Engine 44's well trained crew suited up, along with the Squad when it arrived. That gave a total of nine fully-kitted fireponies in Hazmat suits ready to enter the subway station. Division 3, Deputy Chief Misty Morning, had taken command of the incident. Police were blocking the roads and turning traffic down side streets, trying to keep the way open for responding units. There were half a dozen ambulances, dozens of fireponies. But the task they faced was a daunting one. When the Bus Terminal had been alerted to the danger, they had broadcast a message of calm and sounded the fire alarms, but naturally being informed of a major incident in the subway below panicked many, and thousands of commuters and tourists were trying to pile out of the glass doors of the building, compounding efforts to get rescuers inside to help. The same message had been broadcast over the public address systems in the subway, too, in case there was anypony still conscious and able to heed the warning. The Transit Police were trying their best to evacuate Celestia Square station before any of the nerve agent could spread, but it was a complex maze of passageways, ventilation ducts and maintenance corridors, and the gas could seep through any one of them at any time. It may already have been too late, with the police officers desperately trying to evacuate the station already exposed to the deadly invisible cloud. At anything except the very highest doses, it would take a minute or two for symptoms to become evident, as it had with the three downed fireponies.

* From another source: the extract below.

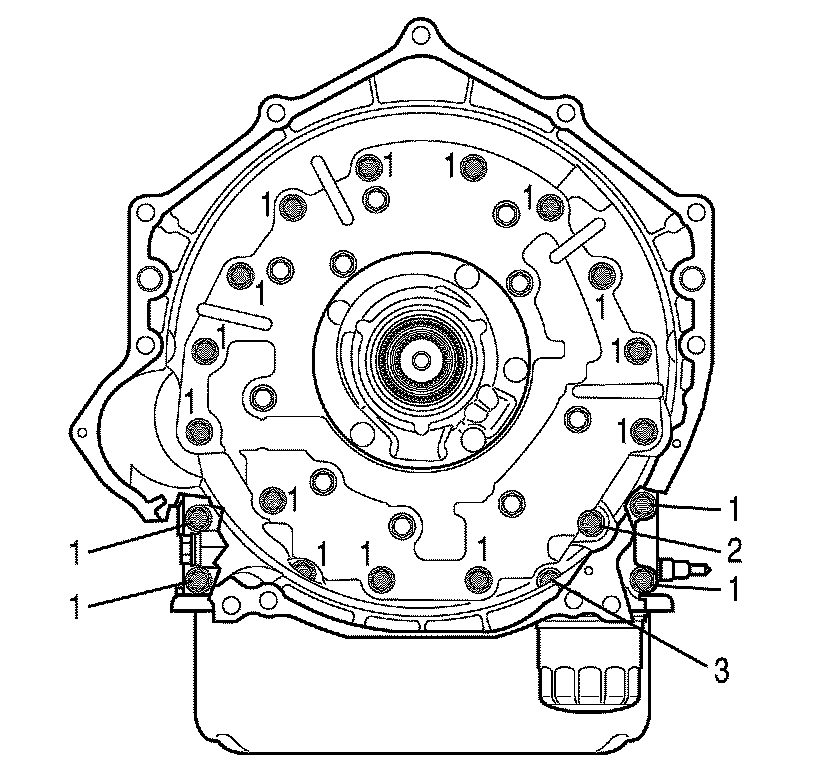 Caution: Refer to Torque Converter Housing/Low and Reverse Clutch Housing Bolt Size Caution Torque Converter Housing/Low and Reverse Clutch Housing Bolt Size Caution.

Ember Blaze knew his brother might be in trouble, might be one of those reported to be down. But he also knew he couldn't focus too much on the thought. If Dawn was fine, then he was fine, and if he wasn't, then he was in the hooves of EMS now, and the antidote kits had been administered. Blaze had to focus on stopping anyone else from becoming affected by the chemical attack.

Together with Grey Spike and Flagstaff, he was guided to the stairway down into the subway, at the northwest corner of 42nd and 8th, the top end of the Bus Terminal and the closest entry point to the command post set up by Misty Morning and Firebrand, on the other side of 42nd Street. The command post had to be kept clear of the Bus Terminal itself, in case the gas should spread upward into the structure. The last thing they needed was for the incident command team to become incapacitated, or worse, in the middle of such a major incident.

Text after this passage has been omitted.